The State Transportation Commission recently approved the proposed plan that would make across the board program cuts in areas that include: highway, pavement, bridge, capacity improvements, and safety because, according to the report’s theme, “our needs are far exceeding our financial resources.”
“State policymakers have delayed action on fixing our road funding formula,” said Mike Nystrom, vice president of government and public relations at the Michigan Infrastructure and Transportation Association (MITA). “They’ve waited too long to address the problem and now legislators are seeing road projects in their own communities being cut due to their own inaction.”

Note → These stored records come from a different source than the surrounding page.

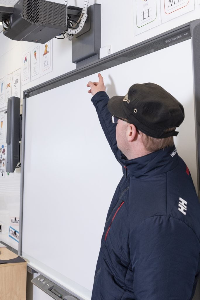 asennuskorkeudesta poiketen opettajan taulun yläpuolelle. Kuva: Jori Pihl.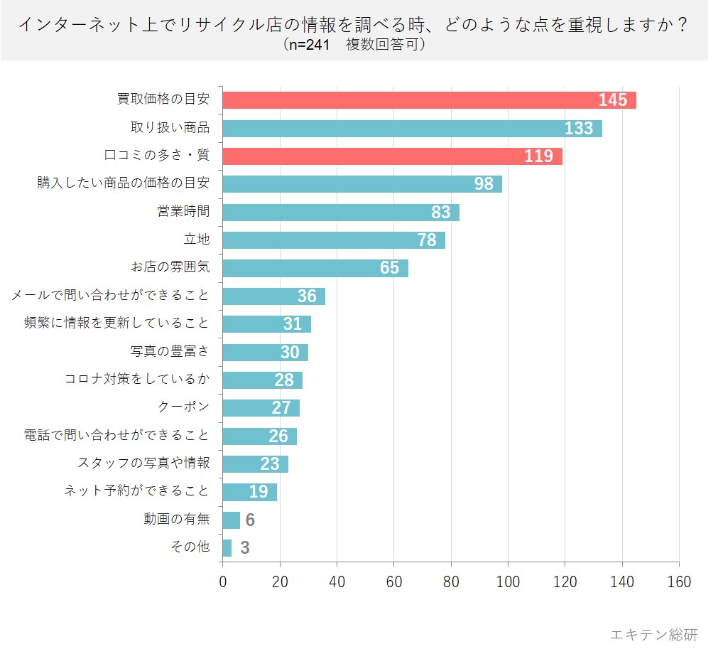 【インターネット上でリサイクル店の情報を調べる時、どのような点を重視しますか】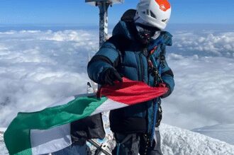 Fatima Al Awadhi raises the UAE flag atop Mount Elbrus after her…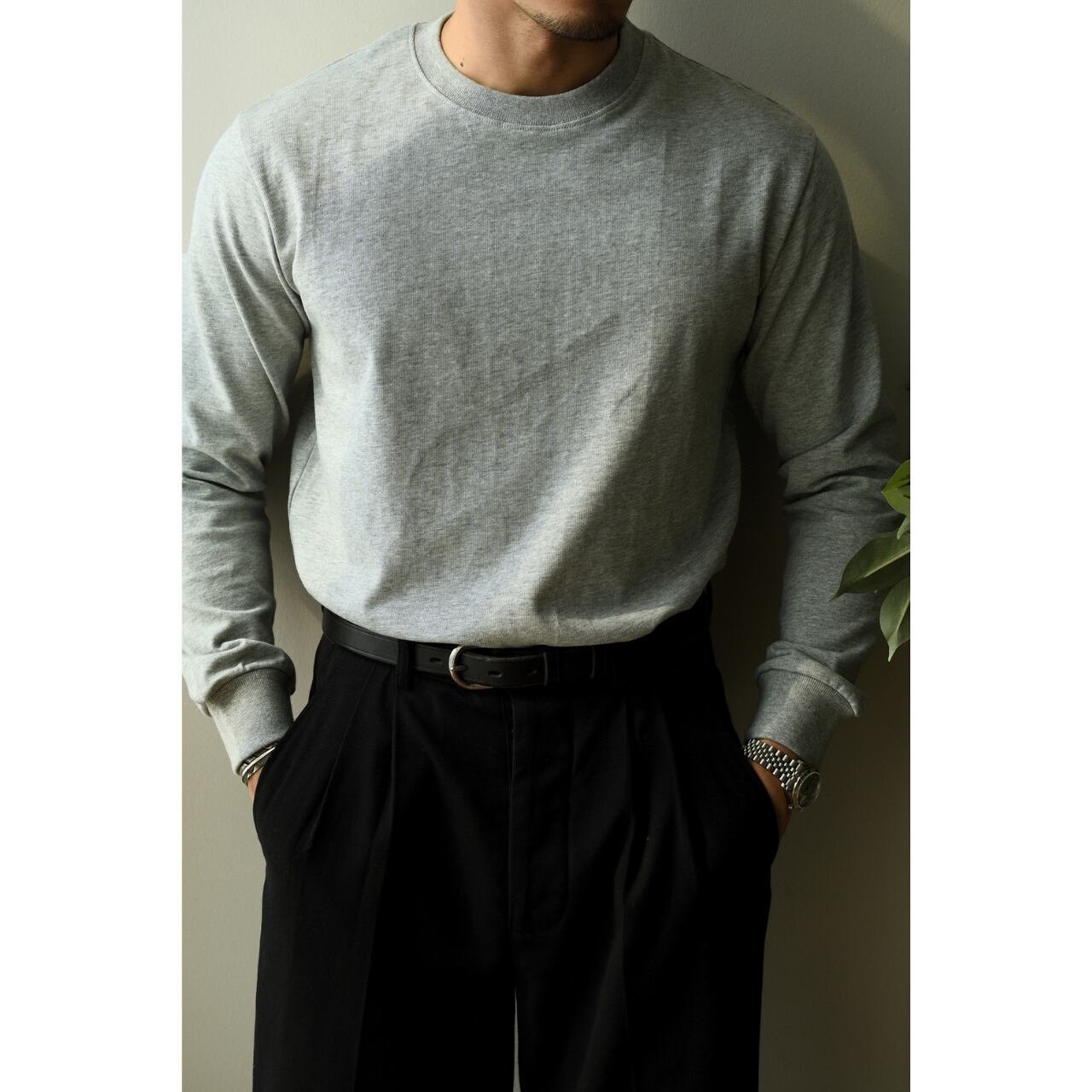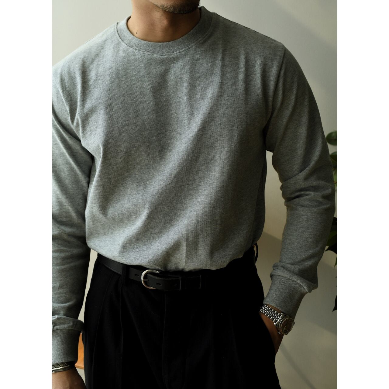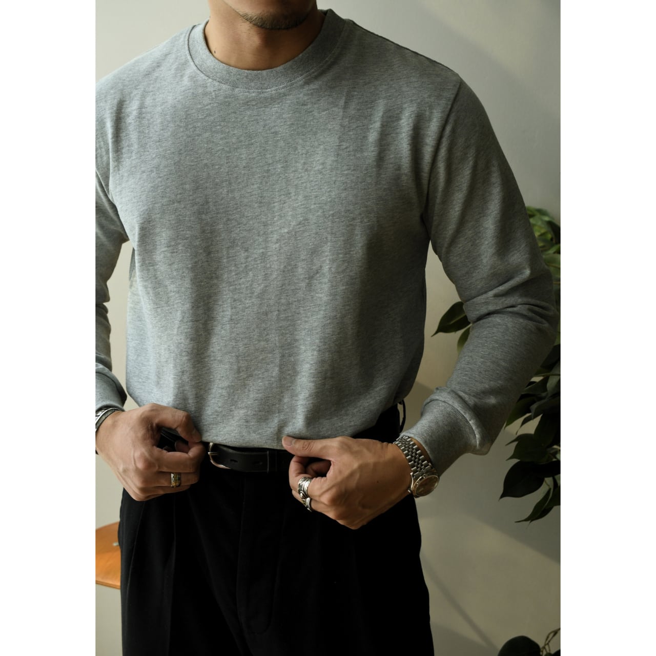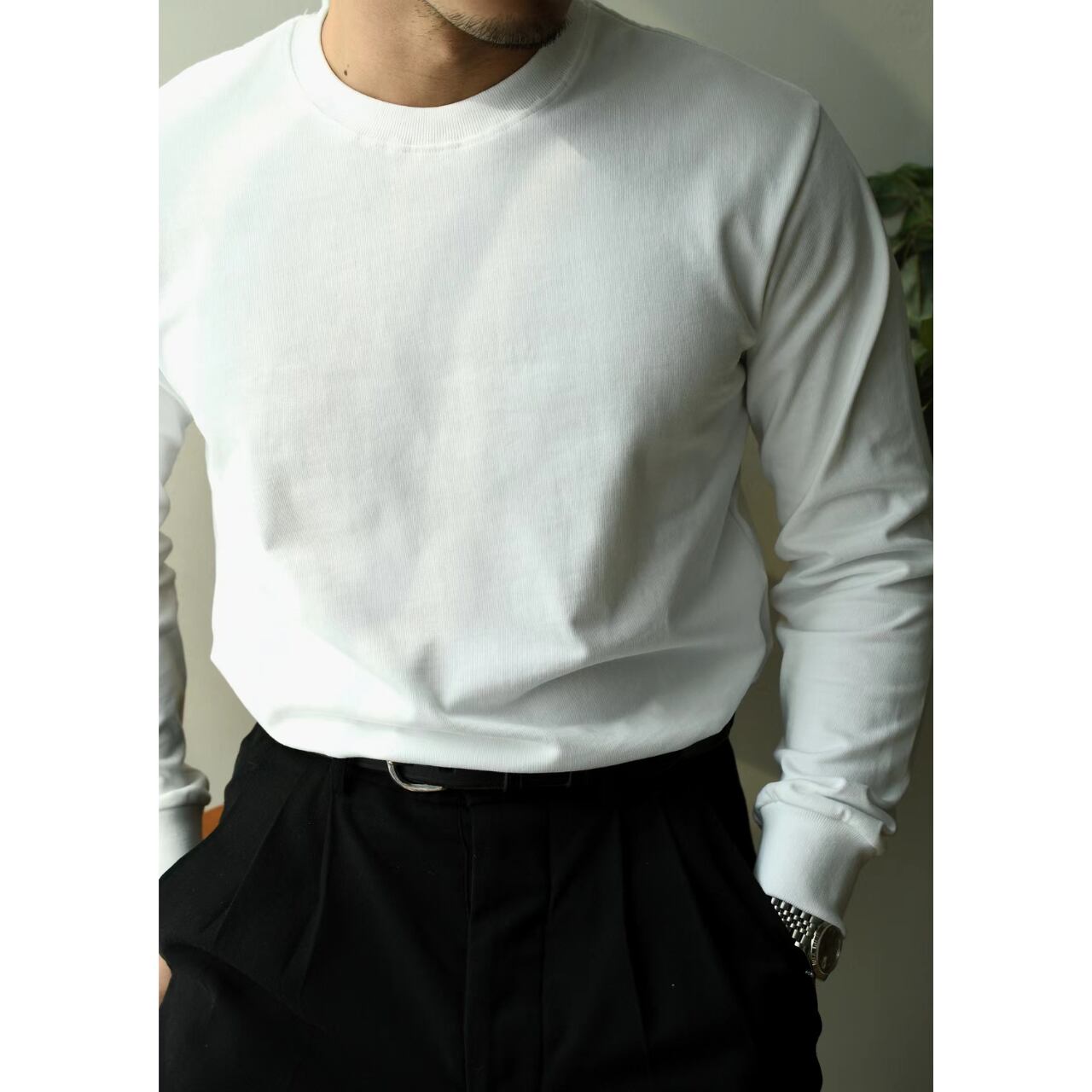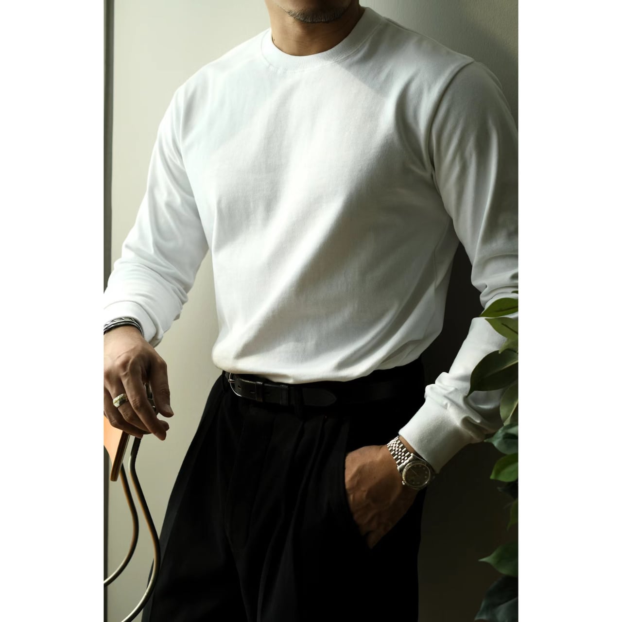 着心地の良いクルーネックロングスリーブTシャツは、一枚持っていると便利なアイテムです。シンプルながらも存在感のあるデザインは、様々なスタイルに合わせやすく、着こなしの幅を広げてくれます。

MDOT’s draft 2009-2013 plan calls Michigan’s transportation challenges a “crisis” and includes a list of 246 local projects across the state that would be delayed or cancelled if additional transportation funding is not identified. A project delay list is attached, along with the entire five year plan. MDOT is asking the public to e-mail comments on the plan to MDOT-Five-Year-Program@michigan.govbefore Tuesday, Dec. 30, 2008.
Highlights of the plan include: • The plan created 23,034 jobs in 2007 but by 2011 it would create only 15,146, a loss of 7,888 jobs in four years. • Approximately 185 bridges will not receive needed repairs. • Five of the six projects proposed for capacity improvement would be impacted or delayed. • There will be fewer projects to address fatalities and severe injuries on roadways, and the proposal includes cuts to MDOT’s Safe Routes to School Program. • State revenues for local transit, intercity bus revenues, and passenger rail revenues will equal less than 50 percent of annual need.
“These cuts show the consequences Michigan is now facing due to inaction by state policymakers during the past several years,” Nystrom said. “The Legislature has a transportation rescue plan before it and policymakers must act before the end of this legislative session.”
The MITA investment plan repeals the state’s per gallon gas and diesel taxes and replaces it with an 18 percent tax on fuel wholesalers. This change would offset dramatically declining transportation revenues caused by higher gas prices, increasing fuel efficiency and alternative fuel vehicles, all of which have helped make the current gas tax obsolete.
The plan would invest nearly $1.5 billion above current levels and is a first step towards bringing Michigan’s transportation system up to the “good” level as described in the Michigan Transportation Funding Task Force (TF2) report, and sustain 46,000 Michigan jobs, according to estimates from MDOT. The average Michigan driver will pay an additional $12 per month in various fees if the plan is approved by the Legislature. According to the TF2 report, a $1.5 billion investment plan could save the average driver $250 per year in improved safety, $300 per year in vehicle maintenance costs and $450 per year in personal income, or roughly $1,000 a year in total savings.